Author’s note: Pun intended
If you are intending to go through the madness, I would say, do it thoroughly: Visit the first two parts I do: The Indian Way (Part 1) and I do: The Indian Way (Part 2). It will help you understand the whole song and dance sequence that ensued before we reached this point in an Indian “arranged marriage” where everyone knows everything about the “boy” and the “girl” except the boy and the girl themselves. For the unversed, “arranged marriage” is a complex process to simplify the process of finding a man for every girl and a girl for every man” ((henceforth incorrectly called “the boy” though he is probably in his late twenties or early thirties).
In the previous two posts, we have already covered the first twelve steps of the process.
The boy and the girl are now engaged and are totally unaware of each other, except that their relationship is now official. Infact, if the event wasn’t photographed, you could swap the girl with a cousin and the boy will probably not notice because they met only for 10 minutes, and she was wearing so much make up, he can’t tell her from Lady Gaga. The girl would also not notice swapping the boy because, in all probability, she never saw his face—she was supposed to behave shy and look at her feet all the time.
The family is beside itself with sheer relief that the “whole thing was finally done”—a mistaken belief that is soon broken by the grandmother’s proclamation that they must perform the marriage within three months. “You must not keep a marriage waiting, else something will go wrong!” By ‘something’, she obviously means that the boy will find out about the girl’s motorbiking aspirations and her lack of culinary skills! So, the madness begins afresh.
Step 13: Pandit ji’s approval again
The father, brother and everybody else interested runs to Pandit ji (the priest) and requests him to check the star-chart and decide a date that is within the next three months. 7 times out of 10, there is none. So, they ask him to look more carefully—there has to be something! Rather reluctantly, he then quotes a couple of dates when marriage is possible. The time, for some reason, is always at some ungodly hour of night (or early morning if it is after 3.30 am).

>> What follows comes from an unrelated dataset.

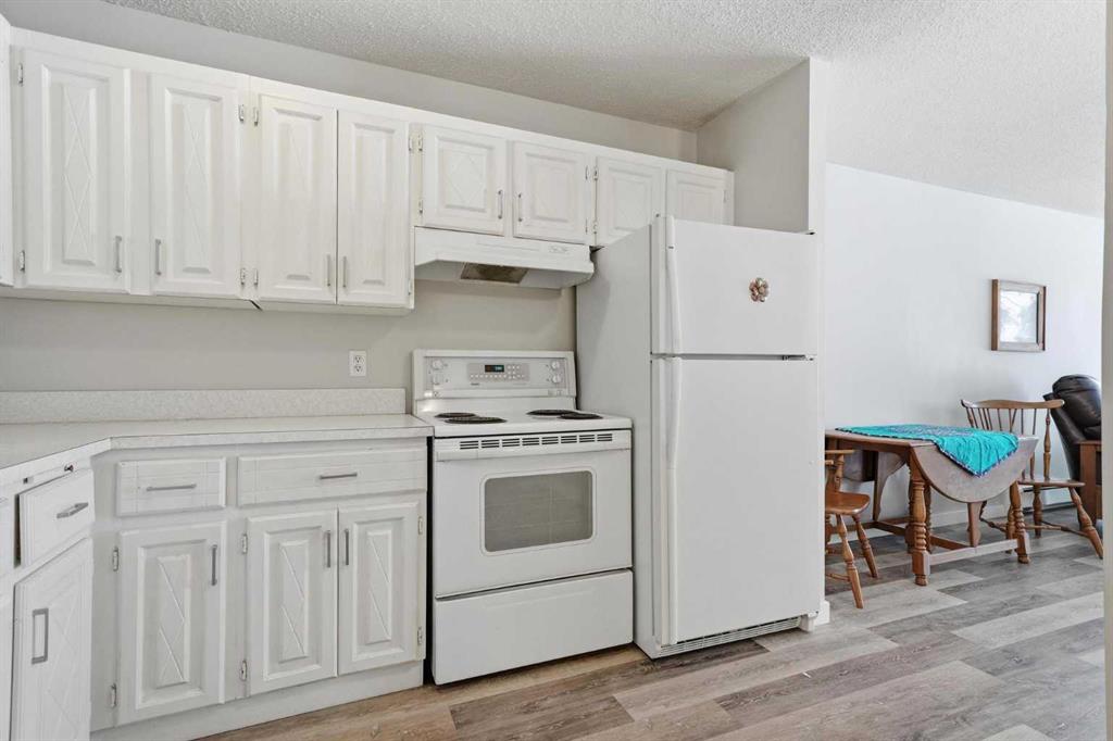 The kitchen is equipped with well-maintained cabinetry, recently refreshed with a modern white finish, along with matching white appliances including a refrigerator, stove, and dishwasher, all in good working order. Large windows throughout the unit allow for plenty of natural light.

The date is shared with the middleman, who then shares it with the boy’s family. They had been through the same scenario with their own grandmother and had been consulting their own Pandit ji, who had given three totally different dates instead.
To-and-fro ensues between the two parties, both pulling to make sure their own Pandit ji wins. Eventually the boy’s party wins because they are the ladkewala (boy’s party) and cannot be reasoned with.
Author’s note: Unbeknown to the parties, the difference in the number of dates provided to them is due to the availability of the two Pandit jis on the said dates.
You see, the astrological arrangements (which most of us don’t understand) are such that there are only 7-8 auspicious dates every month. Now, you can’t get married in December or January because it is too cold and women have to wear sweaters, unable to show-off the embroidery on their dresses. You can’t get married from April till September because it is too hot and the make-up becomes runny and clothes sweaty. Apparently, there is no water-proof make-up invented yet that can deal with the Indian summer.
So, if a family ever daringly ventures into a marriage in the other inhospitable months, it is forever remembered as a family with bad choices, bad living arrangements, not enough ACs, coolers and water geysers, thoughtless of other people’s inconvenience, supplier of hot drinking water in summers/cold bathing water in winters and, in general, harbinger of bad news. It is a reputation the family is never able to live down and is looked upon suspiciously in all the upcoming marriages in the family.
So, you must get married in Feb, March, October or November. So, there are around 30 suitable marriage dates per year. At least one Pandit ji must preside on the event. Considering that there are millions of marriages every year in India, the competition to book Pandit ji is crazy.
Step 14: The guesthouse owner’s approval
Now the fight for an open venue begins. While the boy’s party is looking for a guest house big enough to house their entire extended family and close friends (150+ guests) for 3-4 days of the various ceremonies. Cramped though they are, all these 150+ people will stay in the same place—inspite of having to share rooms—and not separately at hotels because where is the fun in that?
Rest of the 500+ people are local and will attend the ceremonies directly. The girl’s family is looking for a venue big enough to house the same size of family and close friends for 3-4 days as well. They must also look for a place big enough to allow around 1500 people to mill around, sit, eat and not step on each-other’s shoes. The place must look grand and have good lighting due to the ungodly hours of the marriage.
Unfortunately, many other parties have the same date and hence, such a place is either not available at all or not available on the set dates. So, now they start looking for accommodation for all the five dates from both Pandit jis, never being able find something that fits the date requirements of both parties.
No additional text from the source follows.